6. The Mask of Victimhood

This isn’t an exhaustive list, but we can’t finish without discussing the mask of victimhood. Republicans call it pulling out the “victim card” and identity politics. Democrats call it righting past wrongs. But if we’re able to step out of the political sphere for a moment, we can acknowledge that God has something to say about this issue just as He has something to say about every issue of our age.

And from what I’ve read in the Bible, the victim-mindset is another mask.

After all, I doubt many of us can honestly claim to have suffered more than Paul. He was shipwrecked, snake-bitten, beaten, whipped, imprisoned, and eventually executed for his faith in Christ. But he didn’t respond by acting like a victim, he didn’t shift the blame, and he certainly didn’t excuse personal faults and shortcomings because he’d suffered oppression.
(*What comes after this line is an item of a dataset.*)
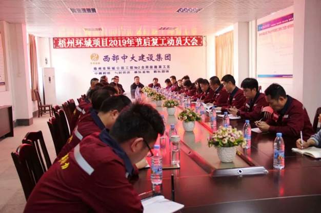 梧州、北绕城等项目先后召开复工动员会工作会议,总结2018年工作,部署2019年任务,放眼全局确保全年工作起好步。各项目对全年工作认真部署,深入落实“五化建设”和“工匠精神”,切实强化施工现场管理。

It’s a double-standard tipped in our favor.

Instead, after listing a host of his terrible trials, he penned the words, “Nay, in all these things we are more than conquerors through him [Christ] that loved us” (Rom. 8:37).

And doesn’t it get tiring to keep track of others’ wrongdoings? Doesn’t it get tiring to hold on to old grudges and disputes? Doesn’t it get tiring to blame everyone and make ourselves feel helpless to stop the forces of injustice around us?

Another thing most of us don’t realize is how biased we are. After all, we rage at others for having faults that we also have. It’s a double-standard tipped in our favor.

But we don’t have to give in to our tendency to wear the mask of victimhood–we can be victors in Christ. It may require us to stand up despite what others have to say on the matter, but that’s okay. That’s to be expected.

Didn’t Christ, who died to win us the victory, admonish us that we “not be weary in well doing: for in due season we shall reap, if we faint not” (Gal. 6:9)?

All the masks we’ve discussed are meant to impress others or protect self, but in the end, they all go against God. They put God last in favor of the “‘motive beyond the motives, the swollen selfish desire to please self’” (Murphree, 43). But we can’t live for our flesh when God calls us to walk in the Spirit.

True, not everyone will be fully satisfied by our performance, but other people are only servants of the same Master anyway. Our goal should be to serve our Master not our fellow servants.

We must seek God’s pleasure first until all “other desires [are] reordered and preempted by this deep love motive” (Murphree, 15), a motive that dethrones every love trying to take the rightful place of God. This love for God’s pleasure will allow us to take off our masks, despite how shocking it may be to those around us (2 Sam. 12:13) or to ourselves (Ps. 139:23-24).

I’m not saying to bare our bones and show our vulnerabilities for anyone to see, but we shouldn’t disguise the truth of our nature. After all, we cannot commune “face to face” with God or our fellow man “till we have faces” (C.S. Lewis).


1 thought on “Masks of Deception: Stop Tricking Your Peers”

  1. Wow that was deep!, thank you Pam for helping us to see further than our normal; may God continue using you for his honor and glory.